I agree. My ten gallon tank was the first I ever had. The plants died very quickly. The floating plants lasted longer, and the plecostomus couldn't bother them. I used a special lamp. That just caused algae. I would settle for a natural rocky base and a natural looking substrate. I stayed in the hobby for about 10 years and raised literally thousands of fish, including Pearl Gouramis and Black Angels. but I found plants to be a pain in the neck. As for the heater, I completely agree with you. Talk to the aquarium where you bought it. It could crack from overheating and having the water hit the part that is not immersed.
I was surprised to see that the owner of the aquarium where I traded fish for supplies did not use a dechlorinator, so I never used one again. It's possible that I kept my tanks a bit too clean for the plants. I had an automatic water changer-a blessing for anyone with many aquariums. I also moved Angels for breeding to a newly setup tank with no preparation other than clean, warm, water, raised the temp., and they bred. No problems. Then I took the parents out as soon as I duplicated that clean water situation in the 55 gallon tank and moved the parents. Only a sponge filter is safe for most egg layers' fry. They're tiny!

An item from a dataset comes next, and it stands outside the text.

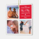Photo collage newlywed 2021 christmas ornament featuring a chic white background that can be changed to any colour, 3 photos of you and your partner, the words "our first christmas mr & mrs", a cute heart, your names, and the year. On the reverse is another 3 pictures for you to personalise.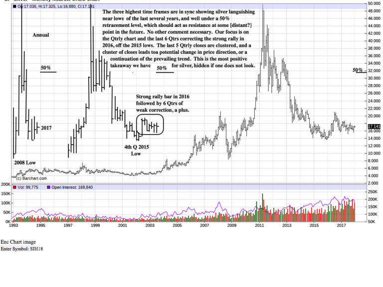 At first, there appeared to be little to say about silver, given its location at/near the bottom of its multi-year TR. We drew attention to the Qrtly chart last October, and we saw even more reason to keep a strong focus on it currently because it appears to be offering some valuable information that is not as apparent on the other time frames.

But I paid my dues. As I went along I read about ten years worth of TFH and I had a large reference book, which I also studied and referred to. When I first started, I did everything I was told. I bought inexpensive fish and a catfish to get the filter "going." I left it for days, everything according to instructions, and EVERY fish died. I consider that "my dues." I replaced the fish.
Oh, Corydorus (catfish) lived through that. He was my longest living fish, and Don Juan, a male Angel was the next to oldest. I was upset when each of them died. I never thought anyone could get attached to a fish!
That was the last problem I had. However, if you get any tetras, don't just float the bag; acclimate them by gradually changing the water in the bag with the aquarium water. I have seen them hit the water and nose dive to the bottom of the tank. That's because the store might have a different PH from your water supply. It's wise to do this with all fish, of course. Good luck. Don't spend a lot on plants, please. Wait until you are more experienced. You'll be more successful.